- What is expected: Retrieve each line that contains the word "plus" from the entries below.

- Data:
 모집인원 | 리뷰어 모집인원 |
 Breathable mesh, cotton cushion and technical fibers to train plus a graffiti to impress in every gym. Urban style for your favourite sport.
* * *
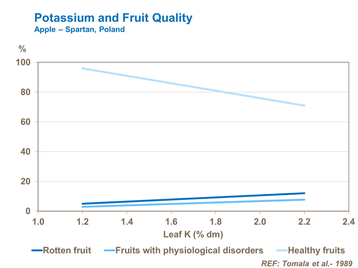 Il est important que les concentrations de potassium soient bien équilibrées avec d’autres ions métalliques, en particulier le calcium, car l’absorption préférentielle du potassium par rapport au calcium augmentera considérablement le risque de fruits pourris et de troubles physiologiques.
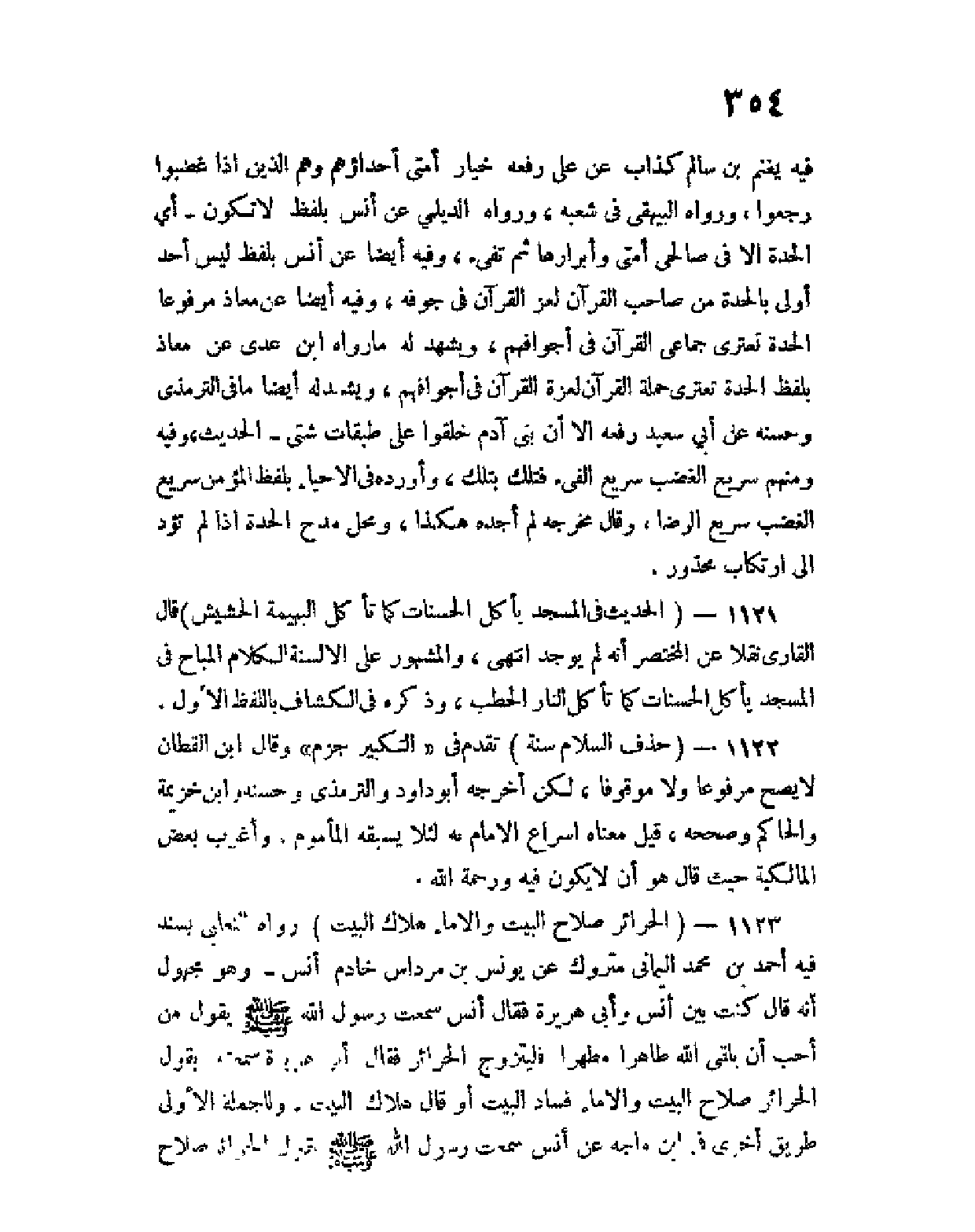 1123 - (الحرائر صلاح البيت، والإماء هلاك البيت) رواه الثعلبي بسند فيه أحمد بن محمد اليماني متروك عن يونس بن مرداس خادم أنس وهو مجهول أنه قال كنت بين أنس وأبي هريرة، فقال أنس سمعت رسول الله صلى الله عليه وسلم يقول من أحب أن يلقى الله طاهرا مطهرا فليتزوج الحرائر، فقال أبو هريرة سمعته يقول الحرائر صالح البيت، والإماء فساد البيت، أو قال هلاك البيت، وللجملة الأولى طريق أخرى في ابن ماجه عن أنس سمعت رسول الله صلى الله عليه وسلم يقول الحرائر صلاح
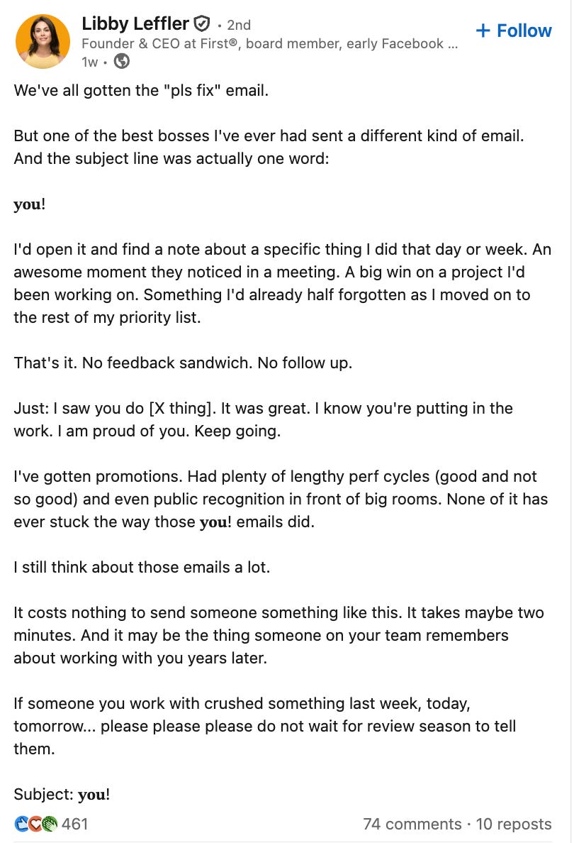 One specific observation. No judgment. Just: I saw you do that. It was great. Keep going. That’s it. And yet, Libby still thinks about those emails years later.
==
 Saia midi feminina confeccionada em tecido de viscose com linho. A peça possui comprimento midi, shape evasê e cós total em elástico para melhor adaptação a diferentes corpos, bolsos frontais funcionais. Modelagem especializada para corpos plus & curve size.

- Answer section:
 Breathable mesh, cotton cushion and technical fibers to train plus a graffiti to impress in every gym. Urban style for your favourite sport.
 Saia midi feminina confeccionada em tecido de viscose com linho. A peça possui comprimento midi, shape evasê e cós total em elástico para melhor adaptação a diferentes corpos, bolsos frontais funcionais. Modelagem especializada para corpos plus & curve size.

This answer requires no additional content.